The ad opens with b-roll of Darren Bailey speaking to his supporters while a rough-edged voice that can only be described as “faded glory” narrates:
It was Darren Bailey who sued to stop J.B. Pritzker’s COVID mandates. It’s why Bailey proudly embraces the Trump agenda, calling into question our elections, protecting gun owners and the Second Amendment, no matter what.
The ostensibly anti-Bailey 30-second commercial just so happens to list all of the Illinois GOP gubernatorial candidate’s MAGA bona fides… and that’s because it’s not designed to hurt Bailey at all. In fact, the ad, paid for by Democrats, was designed to promote him.
Ads like this one ran throughout the Illinois primary, which was held on June 28. One of the Democratic organizations tasked with protecting incumbent J.B. Pritzker ran a series of ads promoting Trump-endorsed Bailey over moderate, well-funded Richard Irvin. They worked. Bailey won big — with nearly 60% of the vote. And with
By Abdul El-Sayed
that success, Democratic organizations are running that same playbook across the country.
In Arizona, Michigan, Pennsylvania, and Illinois, Democrats have been deploying too-cute-by-half attack ads that are designed specifically to boost MAGA candidates who they judge will be easier to beat in the fall.

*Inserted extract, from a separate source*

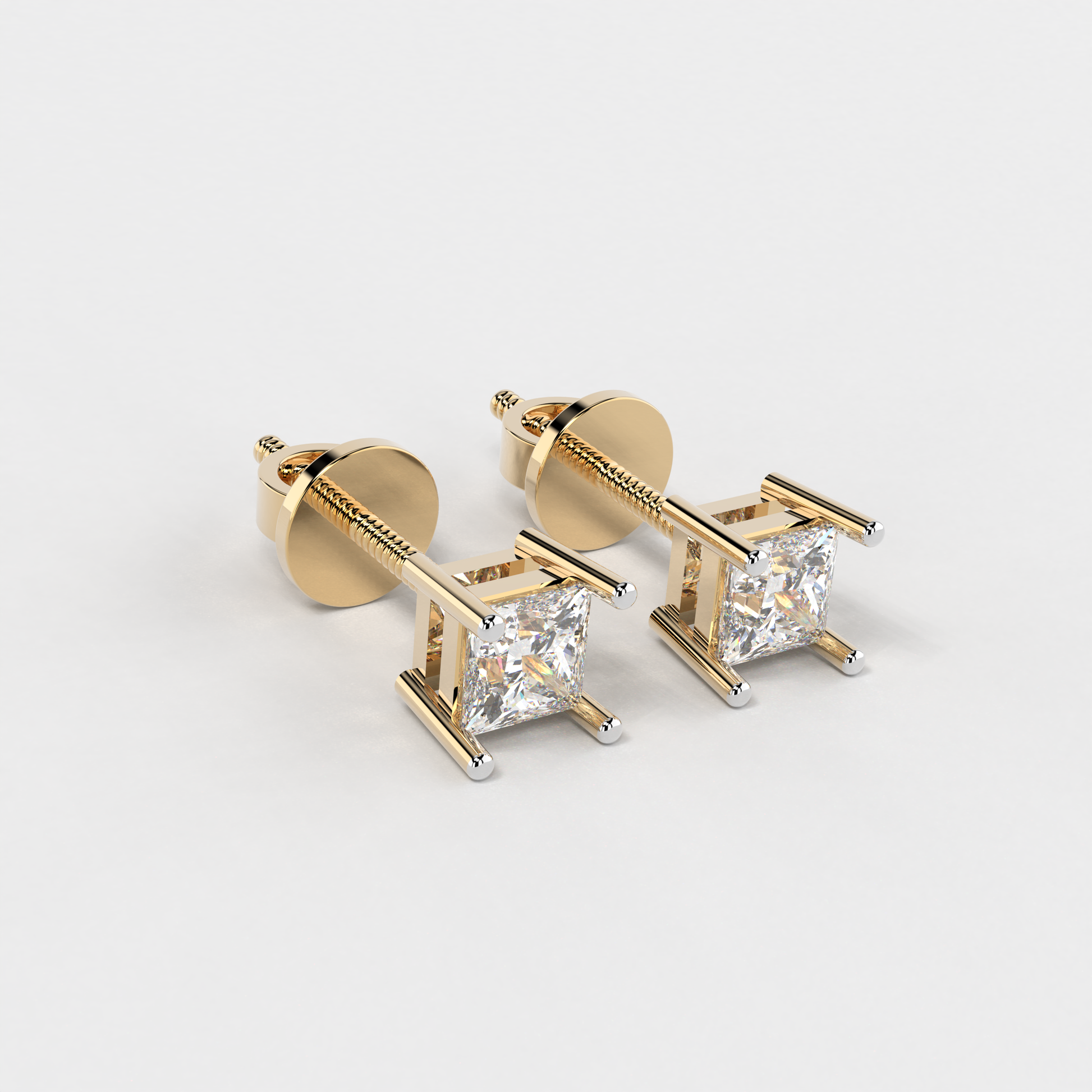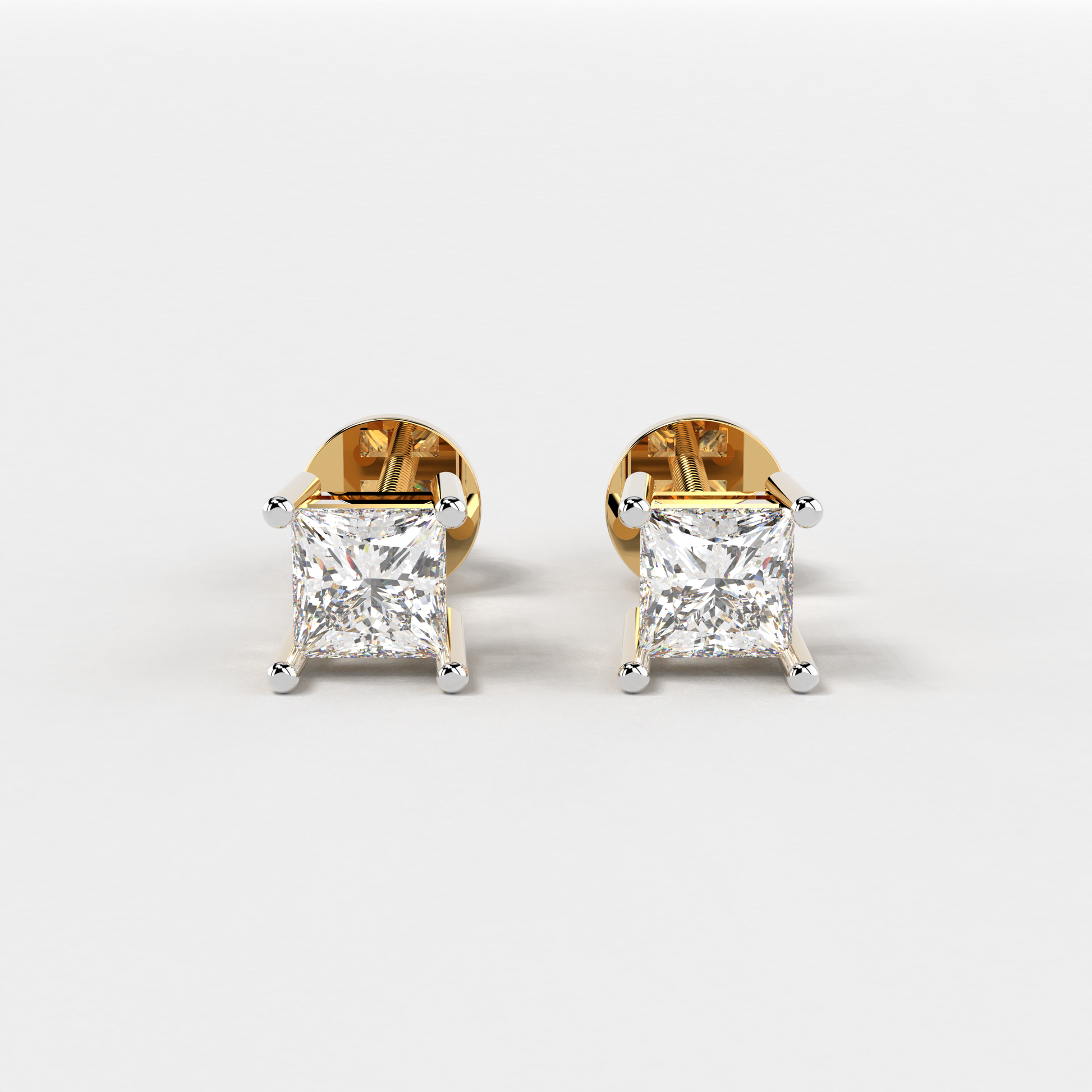 Indulge in the timeless elegance of these 'Classic Princess Diamond Studs', a masterpiece meticulously crafted by Elior Jewel. These exquisite earrings showcase a pair of dazzling princess-cut diamonds, totaling 0.60ct in weight approximately. Their exceptional clarity and brilliance create a captivating display of light and sparkle that will enhance any ensemble. These earrings exude a sophisticated charm that is both classic and contemporary. The princess cut, with its sharp lines and modern silhouette, adds a touch of geometric allure, while the four-prong setting allows the diamonds to shine with maximum brilliance.The simple yet elegant design of these earrings makes them a versatile accessory for any occasion. Whether you're dressing up for a special event or adding a touch of glamour to your everyday look, these stud earrings will effortlessly elevate your style.Crafted with meticulous attention to detail and unwavering commitment to quality, these 'Classic Princess Diamond Studs' by Elior Jewel are more than just an accessory; they are a symbol of enduring beauty and sophistication.

The ads all follow a familiar script. Like the Bailey ad, they’re careful to frame as an attack. But they all studiously recite the litany of MAGA positions — anti-abortion, pro gun, election denying, and Trump loyal.
The tactic here makes enough sense on paper: more moderate Republicans could compete with Democrats for those swing voters Democratic pollsters seem to think decide every election. So why not leverage the Republican base’s extremism against them by boosting the most extreme MAGA candidates in the primary?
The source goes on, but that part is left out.